Getting high is an integral part of pop culture. Taking the hit on a joint, having the drink at the end of the day or lifting the mood with a bump of cocaine seem to be an enduring behavior of many people who crave and enjoy the relief of a drug induced disappearing act.

Actually, this is not just about drugs but about the daily desire to disappear after a day of work. You might not want a “drug” at the end of the day, instead you want to engorge yourself with food, or get involved in risky behaviors such as sex with strangers without protection. Pick the poison that is deliberately chosen by you to aid in getting away from the constant rhetoric that is like a drip of water that can’t shut up.

The pace of life, demands made by schools on kids, the high cost of living that causes stress and agitation on adults are just some of the precursors that cause the desire to get away from the brain that does not rest.

Unfortunately, what these behaviors do over a period of time is create a reliance that ultimately impedes the brain from firing the positive messages. The learned response is part of the trickery that has you fooled into believing that the only way to escape the incessant drip of the water is by looking outside of the self for relief.

It is a real emotional bind. You want relief. Why wouldn’t you? You need a break from the demands. Makes total sense, right? You like the quick fix. Who doesn’t?

What if you could do it differently?

Recently I went to a workshop where we were asked to do a presentation, however with the caveat that we could not use a power point presentation. With worry and fear I could not imagine presenting without that power point? I started to think about what people rely on to ease the agitation that occurs after a day at school, work or even a bad date. This blog is written with that in mind.

What happens when the very behavior or action that is relied upon for that sense of calm, safety and escape are either not available or not appropriate in that moment?

Here are some suggestions before you look for the type of relief that ultimately causes more harm than good. And, actually keeps the powers of change within your reach no matter where you are! Try these exercises to see if you can reach a euphoria that belongs to you and not a behavior that requires a drug or excessive behavior.
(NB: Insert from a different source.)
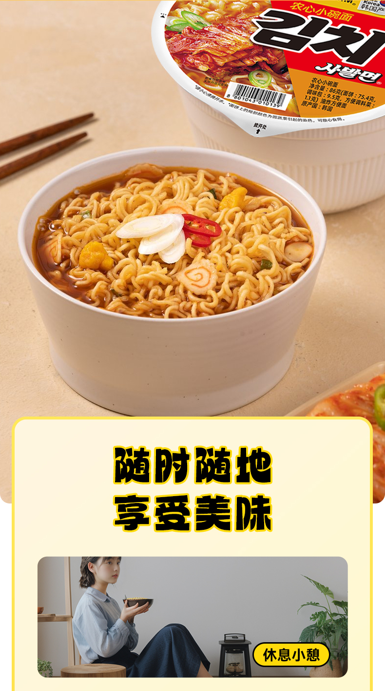 自从在这家店铺入手了农心韩国原装进口的牛肉碗面和泡菜小碗面,我的速食选择就再也没有让我失望过!这次我购买的是牛肉味6碗装,每碗86克的分量刚刚好,既满足了味蕾的需求,又不会让人感到过分饱胀。

  1. Though I am always touting breathwork, it really does have an affect on the brain and calming down the sense of edginess you experience at the end of the day. It is a very specific type of breath- take in a breath very slowly, and as you take it in, say to yourself, “I am “ and as you breath out, say to yourself “Calm”. Do this 10 times
  2. Imagine a place that you have either been to or have created in your imagination, and place your self in that place. Use all of your senses to foster the picture you see yourself in: taste, smell, touch, sound and sight. Are you alone? Are you in nature? Is there water? Are you flying? Take time to be the director of this picture. It is yours and belongs to no one but you.
  3. Go for a walk. With each step allow your brain to let go of the day. Replace each moment that you let go of to be replaced by a memory that is funny, joyful or calming.
  4. Aroma- did you know that certain scents are transforming? Find a store that carries different aromas- take the time to smell them and assess which ones actually contribute to a sense of calm.
  5. Take a bath or shower to wash the day away. This is definitely a process of thinking in a cognitive way. The water is taking away the dirt of the day. My lack of power in the day.

It is fun to disappear every once in a while and when it is part of a daily routine there are ways to get there that enable you to remain in control rather than relying on that which you may not be available to you.